■ Your assignment ■
Within the entries below, please return exactly the lines from the one with "[сбр сетевые фильтры]" through the one with "Tiếp theo chương", leaving out any pictures.

■ Record set ■
==============================
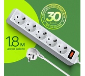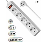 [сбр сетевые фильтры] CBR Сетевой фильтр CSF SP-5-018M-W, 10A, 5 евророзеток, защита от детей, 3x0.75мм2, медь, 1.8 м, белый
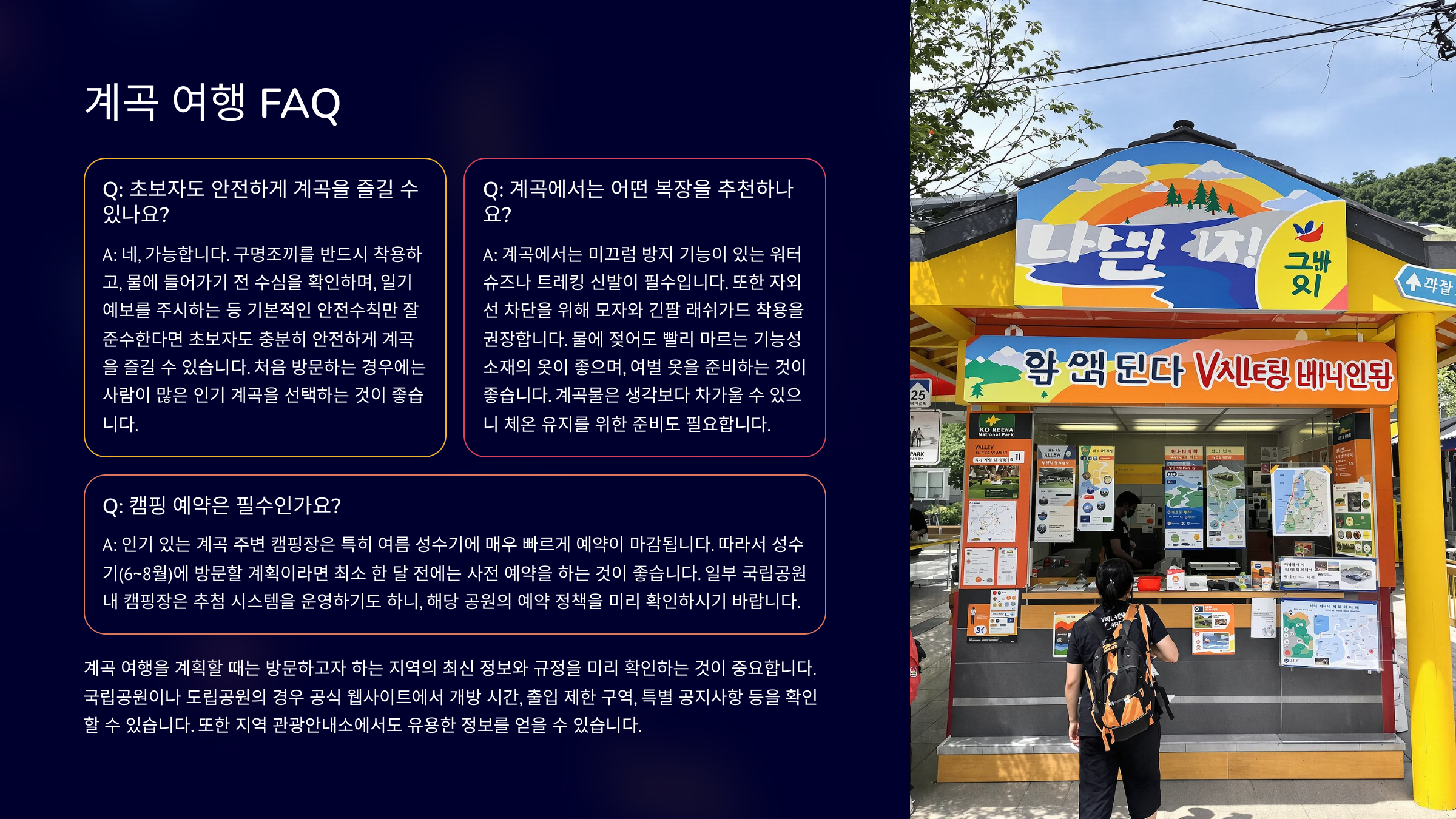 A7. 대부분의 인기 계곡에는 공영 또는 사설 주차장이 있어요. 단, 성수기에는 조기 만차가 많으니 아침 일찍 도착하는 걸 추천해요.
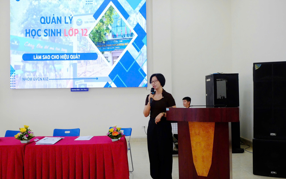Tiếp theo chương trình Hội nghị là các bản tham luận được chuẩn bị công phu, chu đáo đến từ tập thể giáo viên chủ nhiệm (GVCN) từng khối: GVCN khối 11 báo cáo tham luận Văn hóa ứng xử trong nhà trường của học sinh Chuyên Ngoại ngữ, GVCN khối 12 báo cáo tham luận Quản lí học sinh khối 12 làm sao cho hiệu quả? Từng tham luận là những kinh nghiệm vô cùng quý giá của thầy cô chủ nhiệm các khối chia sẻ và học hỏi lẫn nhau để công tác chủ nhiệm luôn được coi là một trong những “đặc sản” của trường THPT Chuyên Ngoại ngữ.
==============================
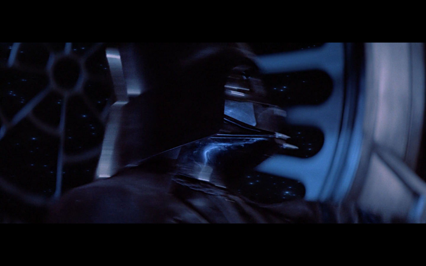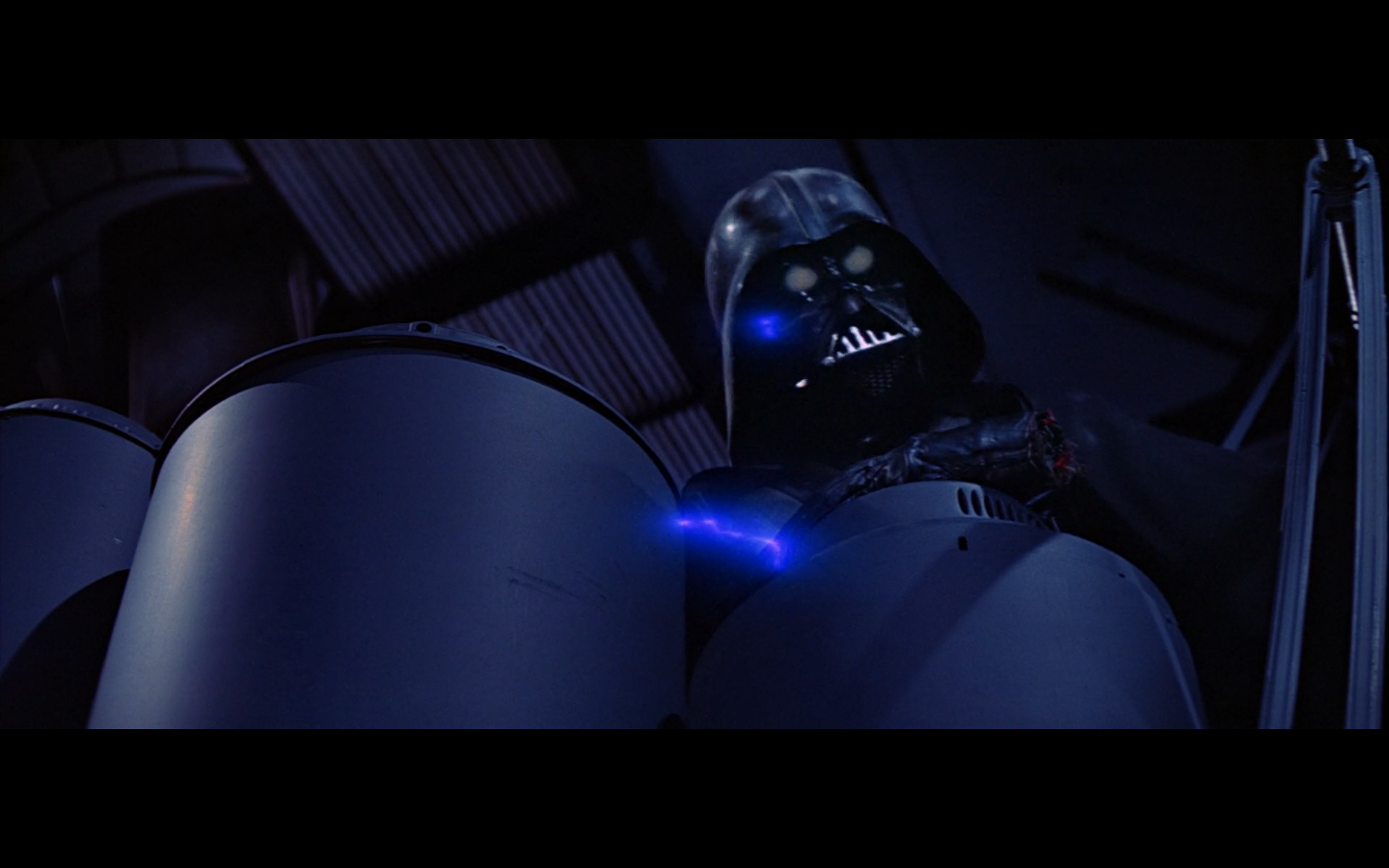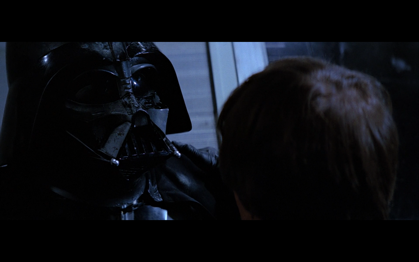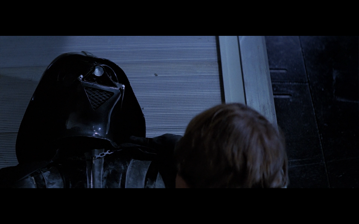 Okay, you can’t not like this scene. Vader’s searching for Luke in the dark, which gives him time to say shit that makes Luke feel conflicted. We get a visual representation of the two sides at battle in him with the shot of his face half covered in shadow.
==============================
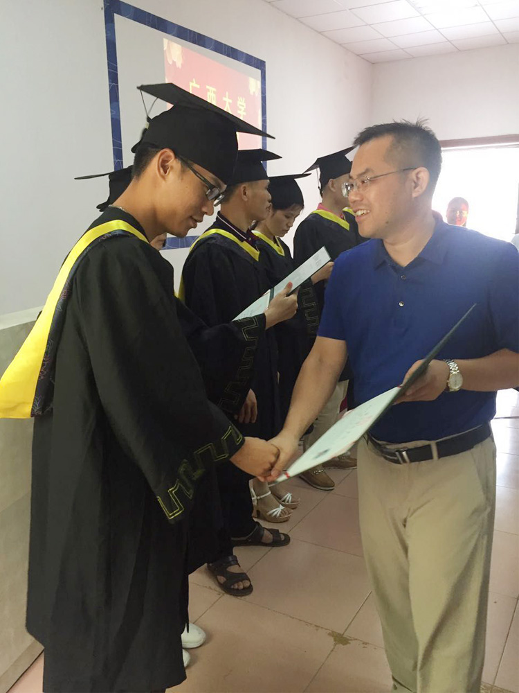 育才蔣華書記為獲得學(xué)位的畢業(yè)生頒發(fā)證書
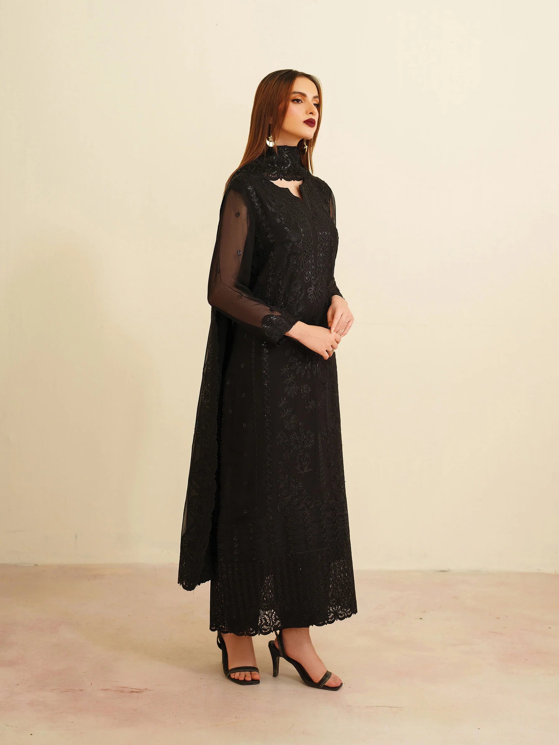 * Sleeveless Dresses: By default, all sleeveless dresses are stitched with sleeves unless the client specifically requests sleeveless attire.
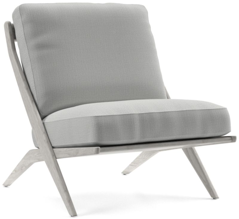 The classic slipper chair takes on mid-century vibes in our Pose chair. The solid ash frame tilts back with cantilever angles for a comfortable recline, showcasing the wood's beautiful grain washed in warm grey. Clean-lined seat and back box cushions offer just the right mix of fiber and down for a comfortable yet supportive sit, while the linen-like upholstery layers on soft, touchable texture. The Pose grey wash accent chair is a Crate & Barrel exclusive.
==============================
■ Output for this task ■
 [сбр сетевые фильтры] CBR Сетевой фильтр CSF SP-5-018M-W, 10A, 5 евророзеток, защита от детей, 3x0.75мм2, медь, 1.8 м, белый
 A7. 대부분의 인기 계곡에는 공영 또는 사설 주차장이 있어요. 단, 성수기에는 조기 만차가 많으니 아침 일찍 도착하는 걸 추천해요.
Tiếp theo chương trình Hội nghị là các bản tham luận được chuẩn bị công phu, chu đáo đến từ tập thể giáo viên chủ nhiệm (GVCN) từng khối: GVCN khối 11 báo cáo tham luận Văn hóa ứng xử trong nhà trường của học sinh Chuyên Ngoại ngữ, GVCN khối 12 báo cáo tham luận Quản lí học sinh khối 12 làm sao cho hiệu quả? Từng tham luận là những kinh nghiệm vô cùng quý giá của thầy cô chủ nhiệm các khối chia sẻ và học hỏi lẫn nhau để công tác chủ nhiệm luôn được coi là một trong những “đặc sản” của trường THPT Chuyên Ngoại ngữ.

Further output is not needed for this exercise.